Seems vulnerable to traffic analysis, as someone mentioned you don't use a combination lock that sends packets all over the world. People will want more complicated sequences, but it will take more time to send them and they may have to resend due to TCP packets coming in different order. But even so anybody on your network or the server's network should be able to see what's going on, how secure is that? And if the server ever responds to your ip from any port then you likewise hosed.
On the other hand this does seem to be an interesting way to one-way send information to the server. I was thinking of playing solitaire using Bruce Schneier's algorithm using a port for each card of a deck.
IANA cypherpunk, but there seem to be a number of ways to treat the set of all closed ports as a numerical space that would be interesting for encrypted communications.
For example you could convert a one-time pad, a private key, or a set of communication channels into a list of port numbers. For a short message at least, you could send with pretty good security (although the list of ports, if not their hash values, would be known to the outside world).

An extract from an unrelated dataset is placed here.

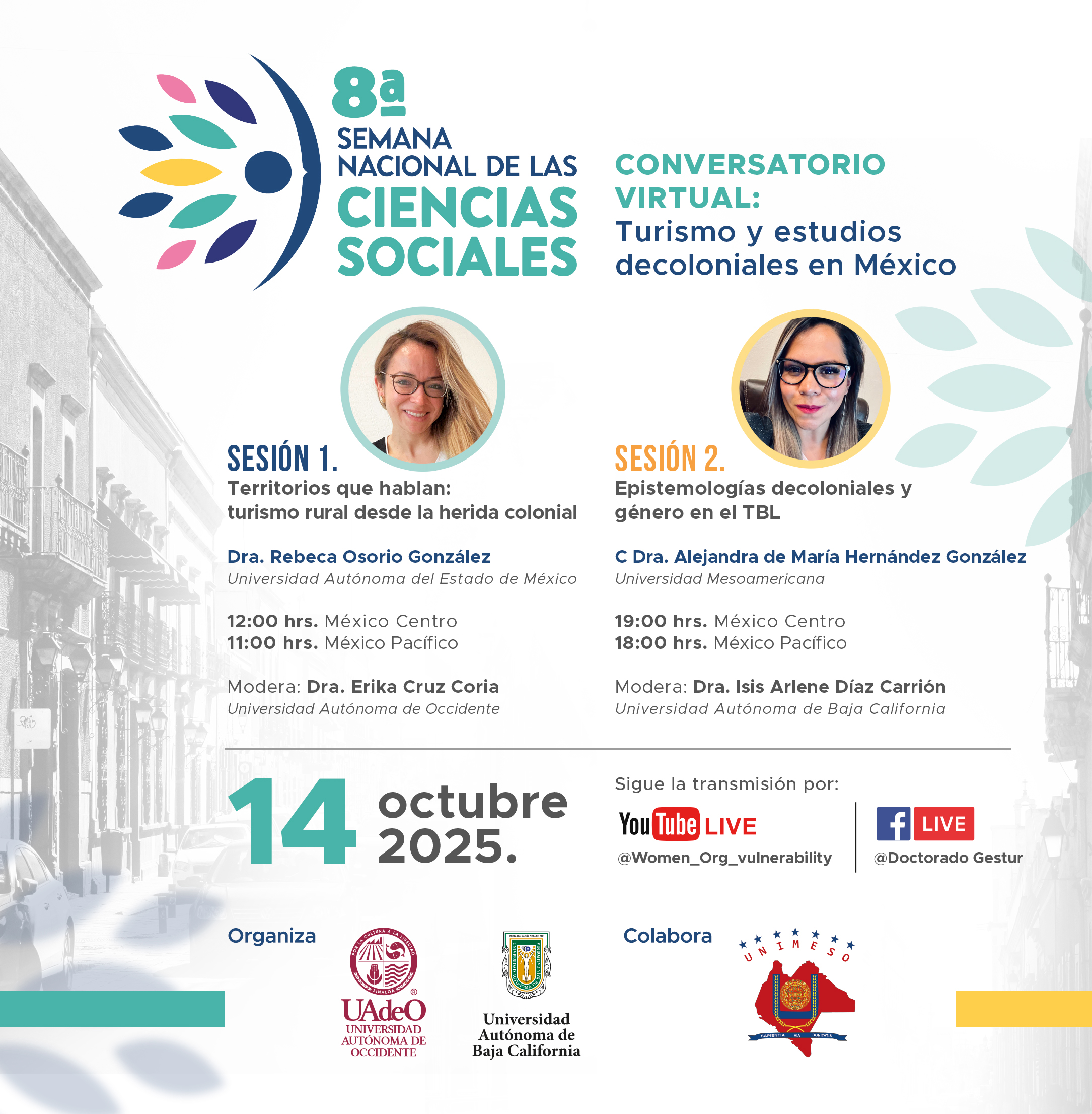 En el marco de la 8a Semana Nacional de las Ciencias Sociales a realizarse, del 13 al 17 de octubre, 2025, se propone un conversatorio virtual, organizado conjuntamente por la Universidad Autónoma de Baja California y la Universidad Autónoma de Occidente, con la colaboración de la Universidad Mesoamericana.

To me this knocking stuff sounds like it only *reduces* security and provides lots of interesting clues to men in the middle. The intriguing part seems to be that you can send a good deal of information through a large number of half-connections in parallel, but this may have already been tried by other people. Of course if the message is simple enough that a single ping to a single prearranged port number is enough to convey it, then you would seem to have a pretty strong system though its existence would certainly be uncovered sooner or later. But if this became popular I suppose the advantage would be in being able to assign certain ports to prearranged values, both for encryption purposes and also to reduce the amount of data you actually need to send.